C’è solo una “T” in più, ma la guerra è la stessa. Il Piero di Fabrizio De André ha avuto i suoi papaveri, il Pietro che scriveva queste lettere non ha avuto la sua canzone. Lui, però, è diventato un simbolo ed un pretesto allo stesso tempo. Il simbolo di una famiglia ed un pretesto per raccontare la sua storia, rigorosamente ricostruita sulla base di informazioni certe e lettere reali. È un periodo del Novecento che ha lasciato una cicatrice talmente profonda da continuare a far parlare di sé, generazione dopo generazione. È quella terrificante, sconvolgente, assurda Seconda Guerra Mondiale di cui si è parlato su migliaia e migliaia di libri. Il punto, però, è un altro: cosa accadeva ai margini dei combattimenti? Come viveva chi non era in prima linea ad imbracciare le armi? Ve lo racconterà lo stesso Pietro, ve lo racconteranno Tina e le sue sorelle, ve lo racconterà la penna di Simona Pacini, con uno stile fluido e coinvolgente che vi terrà gli occhi bloccati sulle pagine per un bel po’ di tempo.

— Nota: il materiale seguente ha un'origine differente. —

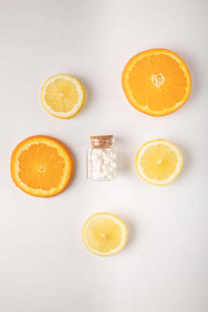 Vitamin C. Orange slices on a bright background and vitamin C tablets. The layout of the branding of a pharmaceutical product.Flat lay. Copy space
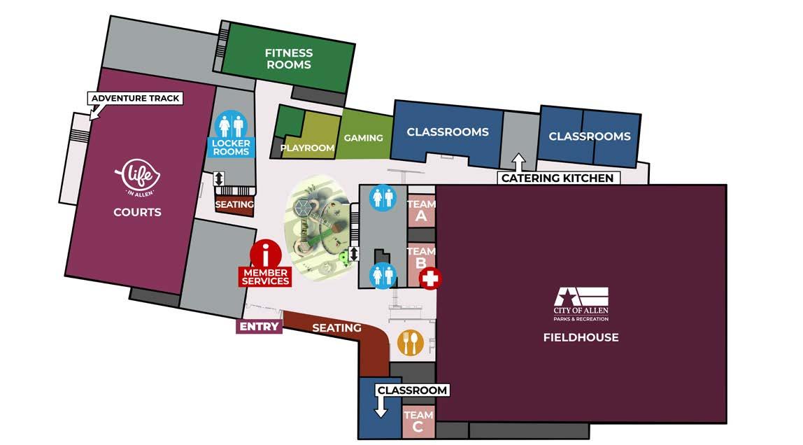 The facilities are controlled access. All persons entering the facility must have a current membership, purchase a day pass, or participate in a fee-forservice recreation program. Facilities do not allow free access for any persons entering the facility. For ASA practices, tournaments and events, access to the fieldhouse is granted.
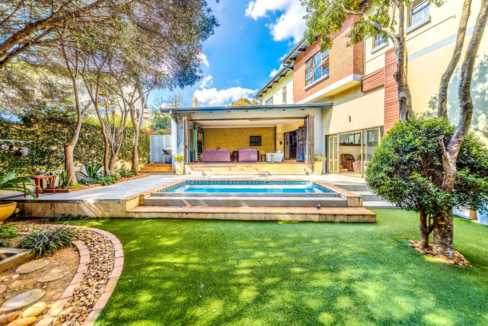 Outdoors, leisure and lifestyle unite. A heated swimming pool with safety cover, traditional boma braai and lush landscaping invite gatherings both intimate and grand. Dual staff accommodations, rainwater harvestin and cutting-edge security, including beams, alarm system and 16-camera CCTV, ensure seamless functionality and peace of mind.
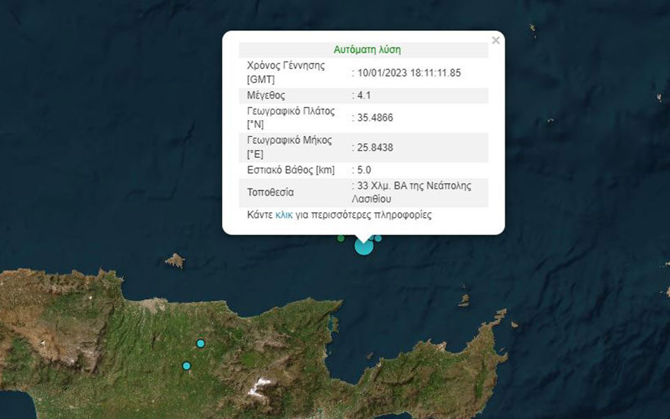 Σεισμός 4,1 Ρίχτερ ανοιχτά της Κρήτης

Simona Pacini, nata a Colle Val d’Elsa, in provincia di Siena, è una giornalista toscana. Ha lavorato nelle redazioni di alcuni quotidiani locali (a Siena e in diverse città del Veneto) negli ultimi trent’anni. Ha curato la pubblicazione per l’inaugurazione del museo del Cristallo di Colle Val d’Elsa. Ha ricevuto il premio “Giornalista dell’anno 2003” dall’Associazione Nazionale Alpini e ha vinto la seconda edizione del Premio Paolo Rizzi nel 2011. Appassionata di cucina, di lettura, di arte e di animali (gatti in particolare), da alcuni anni, superato lo shock di avere un padre scrittore, ha deciso di dedicarsi anche lei alla narrativa.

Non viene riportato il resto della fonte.